8 responses to “More CBT Research from Sir Simon and Professor Chalder, Part 2”
“And now Professor Sir Simon Wessely has popped up again…”
Ah Wessely, who appears so adept at shifting with the political wind whilst at the same time being so very predictable in what he says and does. Can anything he communicates be trusted or believed? (Let’s not forget those serious flaws in MUS research related to his papers -https://opposingmega.wordpress.com/2020/05/01/untangling-the-mus-web/ .)
And since he’s returned to the field of CFS, can we assume that there is no significant level of harassment or abuse that might cause him to stay away? If so, perhaps he’d like to make that clear to the medical community, some of whom likely still regard patients with a ME/CFS diagnosis as threatening pariahs after their reputations were tarnished so badly in the national and medical press.

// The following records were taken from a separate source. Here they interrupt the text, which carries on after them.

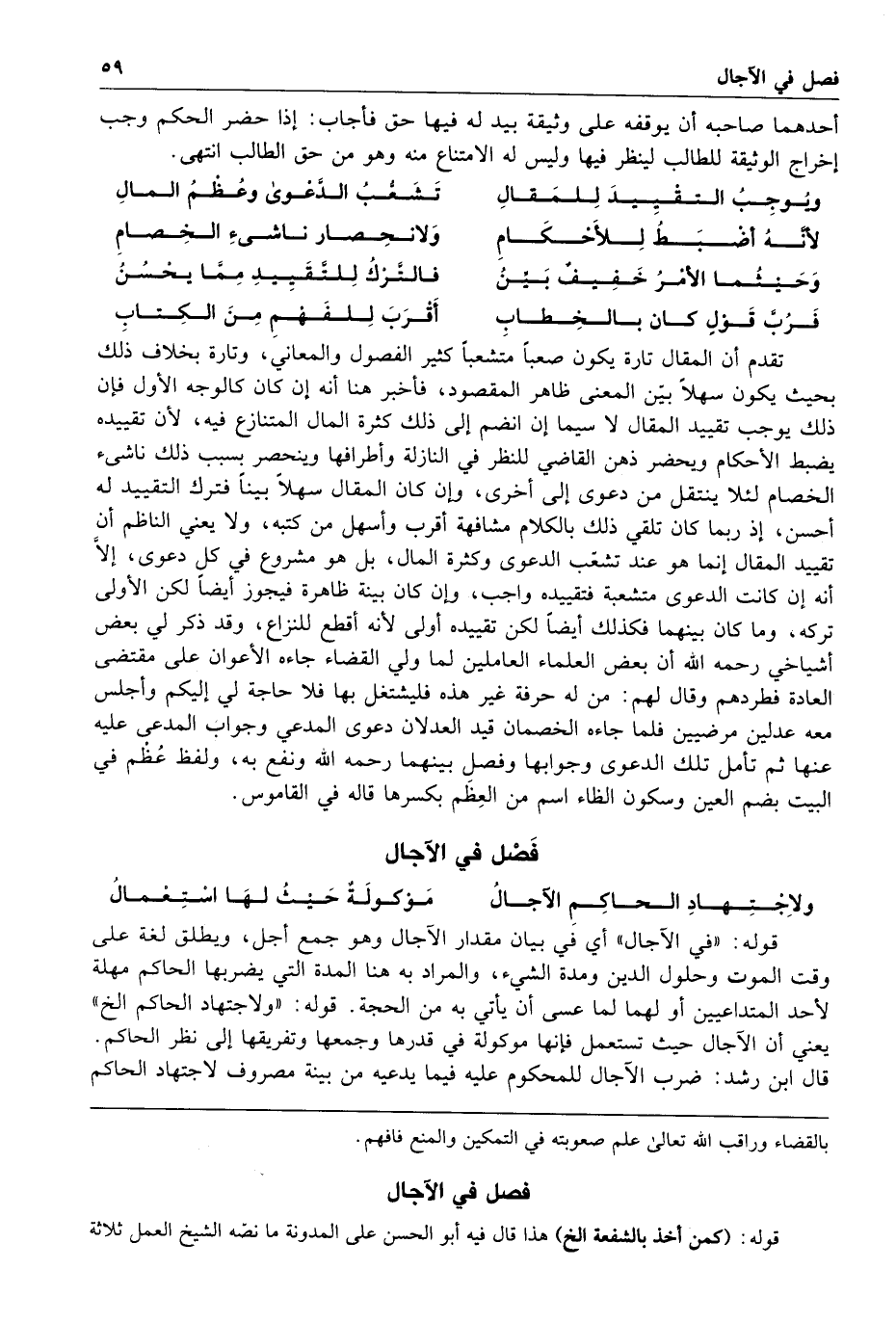 ولفظ عظم في البيت بضم العين وسكون الظاء اسم من العظم بكسرها قاله في القاموس فصل في الآجال ولاجتهاد الحاكم الآجال موكولة حيث لها استعمال قوله في الآجال أي في بيان مقدار الآجال وهو جمع أجل ويطلق لغة على وقت الموت وحلول الدين ومدة الشيء والمراد به هنا المدة التي يضربها الحاكم مهلة لأحد المتداعيين أو لهما لما عسى أن يأتي به من الحجة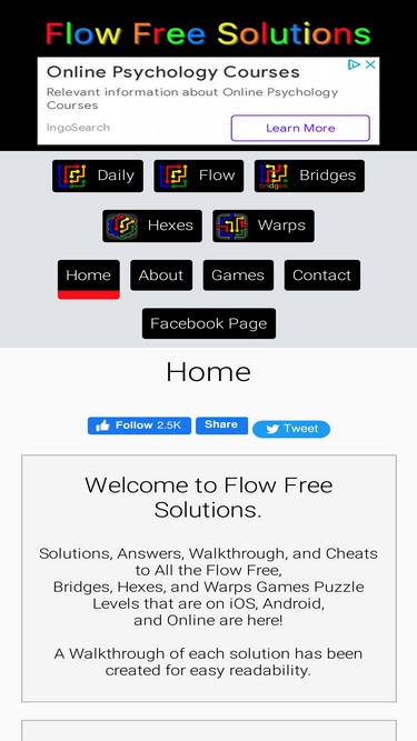 Flow Free Solutions is the Source for Solutions and Answers to All the Flow, Bridges, Hexes, and Warps Games Puzzle Levels that are on iOS, Android, Windows, and Web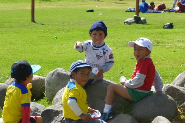 These miniature soccer players are finishing their ice cream break before running up and down the field again.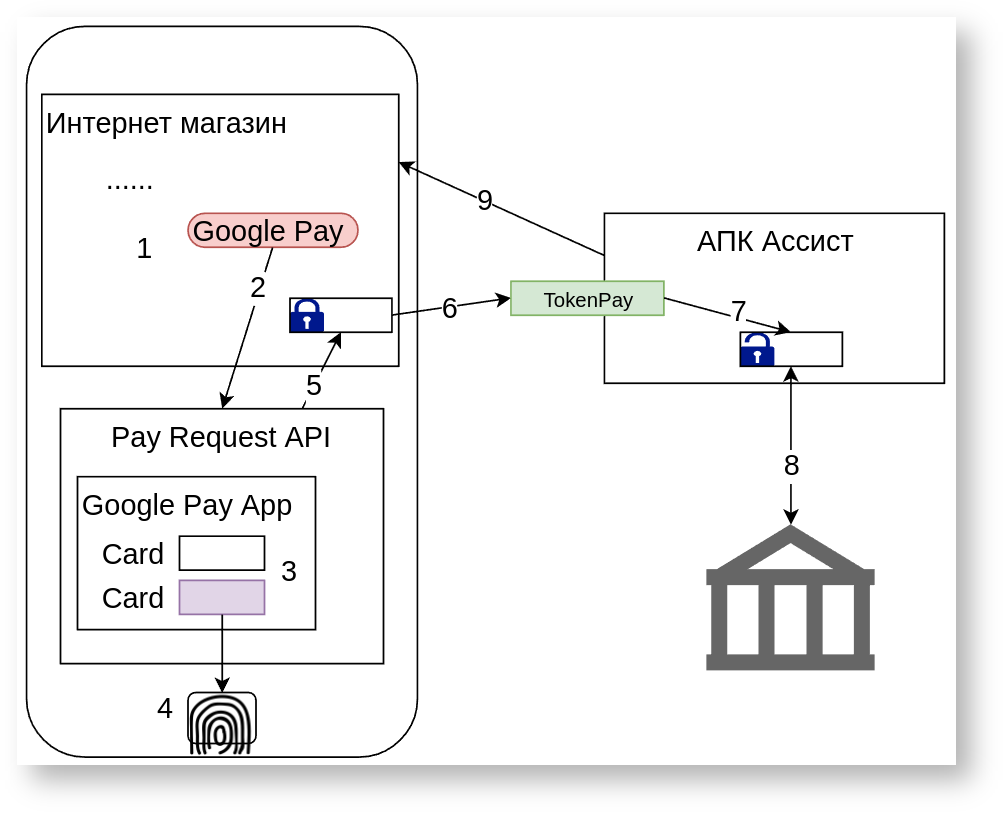 - Приложение Google Pay формирует зашифрованный пакет с токеном и данными платежа и возвращает его скрипту страницы магазина.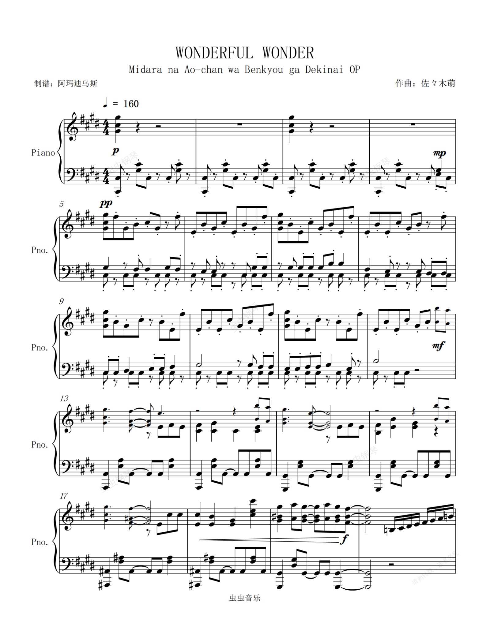 钢琴谱:YL的青酱不能学习 OP < WONDERFUL WONDER > 原调高还原完整版本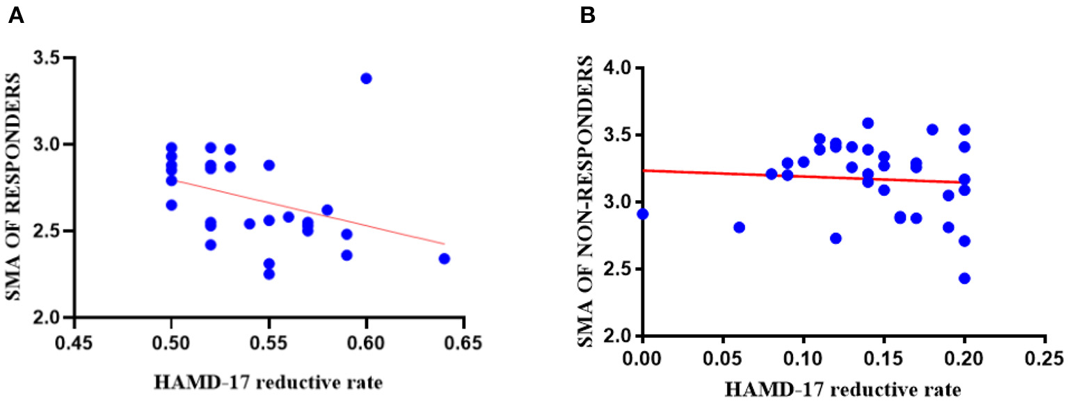 Post-hoc analysis, two-tailed Pearson partial correlation analysis controlling for age, gender, and education was performed for the responder group and the non-responder group separately. As shown in Figure 4, there was a negative correlation between the HAMD-17 reductive rate (2 weeks) and the cortical thickness of right SMA at baseline in the responder group (r = −0.373, p = 0.044), but there was no significant statistical difference in the correlation analysis of the non-responder group (r = −0.072, p = 0.550).

“And since he’s returned to the field of CFS, can we assume that there is no significant level of harassment or abuse that might cause him to stay away?”
Ha! Hoist with his own petard (yet again).
“This kind of mistake often reveals what the investigators believe, whatever the evidence actually indicates.”
I think this study certainly helps to demonstrate that the ‘false illness beliefs’ with regard to CFS are held not by the patients but by these researchers.
Treating Sir Simon and pals as serious scientific investigators is like sending a health inspector to Tony Soprano’s club because he claims to be a chef. In both cases the appropriate action is a RICO (Racketeer Influenced Corrupt Organization) prosecution.
I am interested to enquire-why are none of these CBT/GET studies undertaken as randomised controlled trials?
“why are none of these CBT/GET studies undertaken as randomised controlled trials?”
Good methodology is a hindrance to marketing. Like so much other scientific publishing, the goal is to sell some dubious something-or-other and/or sell themselves in the hope of obtaining more grant money. Just look at the number of studies already published on the evil virus: it’s likely three-quarters or more of those five or six thousand publications are complete rubbish.
Good luck sorting out the wheat from the chaff.
Another flawed paper from Wessely and Chalder. How embarrasing. Hope this kind of pseudoscience will be stopped and replaced by quality research.
In my experience of CBT/GET type treatments for ME/CFS (three group courses at two different UK clinics over the space of a decade or so) the more severely ill people (me included) drop out after the first session or two, so there’s an inherent bias against people with more severe symptoms in any study of this kind. That’s not to mention the fact that people with really severe symptoms won’t even be able to make it to the first session. When I last tried this kind of therapy five or six years ago I was just about able to make the journey to the clinic, nowadays that would be impossible.
Even if there was a very clear positive result from a study like this it would be impossible, and highly irresponsible, to generalise from that and apply it to people with more severe symptoms.